With the exponential acceleration at which the collaborative digital economy is advancing, traditional banks should develop (and maintain) spaces in which innovation is nourished. This battle is fought on two main frontiers: internal and external. Internally, implementing inclusive digital teams, integrating IT and marketing is the essence of the digital age, where services and solutions are created based on quantified information harvested from multiple touch-points into user-friendly everyday products. A digital board committee should be formed to champion innovation, planning, monitoring and execution of new ideas. On the external frontier, an open innovation ecosystem should be created. The bank has the advantage of its wide network of partners that provide most of the services in the market. This network should be expanded to include ‘fin-tech’ startups that are offering easy direct financial solutions and will become major competitors this upcoming year if not brought into the fold.

3. Organizational Flexibility

The flexibility gene needs to be implemented technologically and organizationally for it to take effect.
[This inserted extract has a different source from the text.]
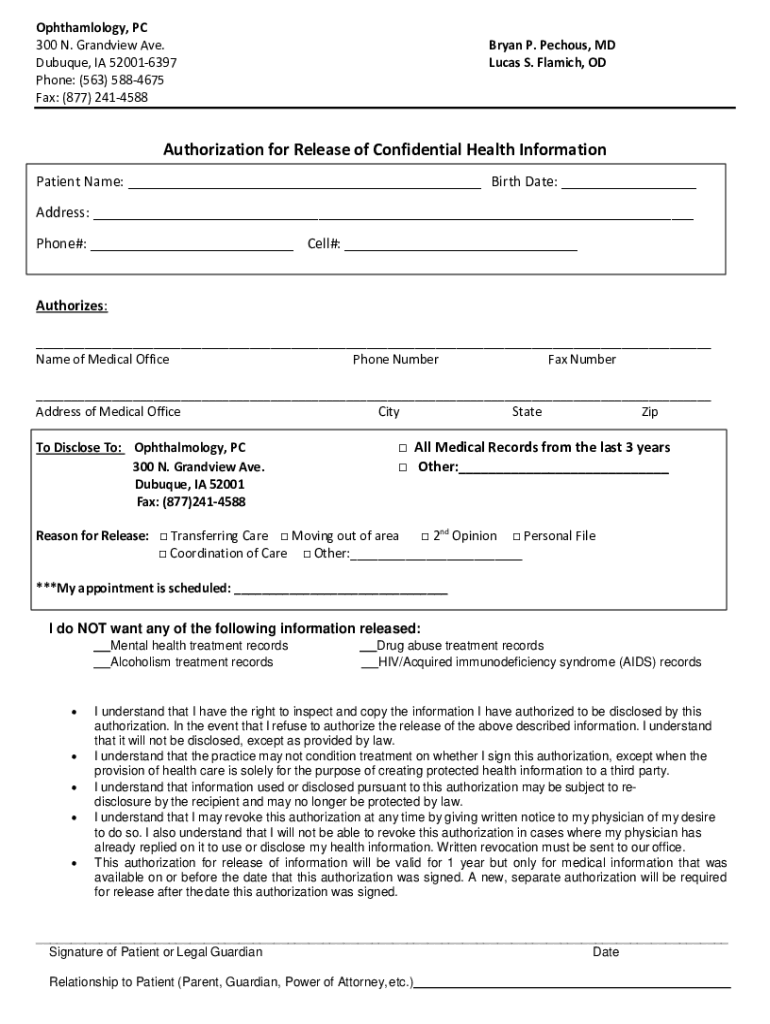 Ophthalmology, PC 300 N. Grandview Ave. Dubuque, IA 520016397 Phone: (563) 5884675 Fax: (877) 2414588Bryan P. Precious, MD Lucas S. Flemish, Authorization for Release of Confidential Health Information

The exponential acceleration of new technologies and the shrinking time-to-market dictate the necessity of having an agile IT platform at the center of the digital banking operating model, with flexible teams working around it to create personalized customer solutions. An agile IT platform is a priority here with challenges such as the exponential growth in traffic and data and the rise of real-time data across channels. The need for systems with real-time information processing and enhanced data management capabilities increases. Not only the IT platform is a critical choice at this phase, but the team structure around it and the goals it's being used for. Ideally, the team should be working on analyzing operational processes, customer behavior and using them to find ways to optimize and evolve banking operations to make it more customer centric. 
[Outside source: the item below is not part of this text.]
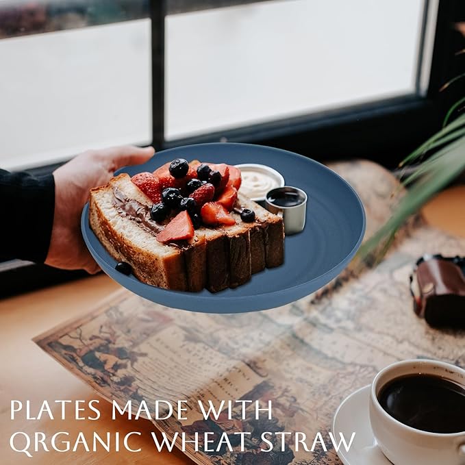 - WHEAT STRAW MATERIAL: Each 10 inch blue plastic plates is constructed with organic wheat straw fiber and food-grade PP, 100% BPA free, non-toxic, odorless, and friendly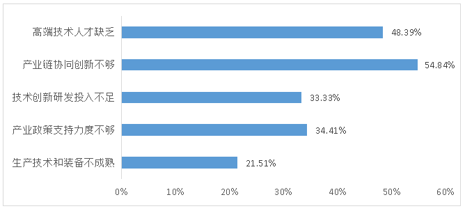 3. 当前制约行业科技创新的原因很多,但相对集中。调查问卷显示,54.84%的样本企业认为是产业链协同创新不够,48.39%的样本企业认为是高端技术人才缺乏(图8),这两项都占比较高,也侧面反映出行业进一步推动科技创新的两个着力点。另外,认为产业政策支持力度不够的占34.41%,技术创新研发投入不足的占33.33%。

  • Long-term vision and short-term execution The digital transformation happens with a studied planning of a long-term roadmap that ceases all the quick-wins along its way. Traditional banks have two main ways of generating sales: one would be cross selling and up selling to its existing client base, the other is attraction of new customers. To achieve the former in the digital age, the efforts should focus on personalizing the services and being relevant to each customer’s needs. As for the latter, it is achieved by expanding and optimizing all channels, branches, ATMs, call centers and most importantly the digital frontier, which should be treated as the biggest branch for each bank. This is the short-term vision of execution.

As for the long-term roadmap, the bank should work its way to expanding its services beyond the moment of transaction to cover its pre and post phases. The pre-transaction phase is by offering solutions for everyday problems through its vast partnership network and acting as a financial advisor to the customer. For example, they might offer you home equipment that is within your budget. The transaction phase is offering the technology needed for the user to browse these added value solutions through their banking touch-points such as a mobile application. As an example, they’ll browse the application for all kinds of products in an m-commerce kind of setup that offers added value for costumers benefiting from the bank's partnership network. As for the post-transaction phase, it can be by providing easy payment installment, updates on your financial situation and advice for future purchases.

There’s a rumor flying around the digital sphere that the sharing economy of resources will someday replace our old-fashioned buggy monetary system. It’s too early to determine the validity of this, but one thing we know is that it is does rival the banking services. Therefore, banks should move digital from being just another project into being its core value, while striking a balance between ‘business as usual’ and digital disruption.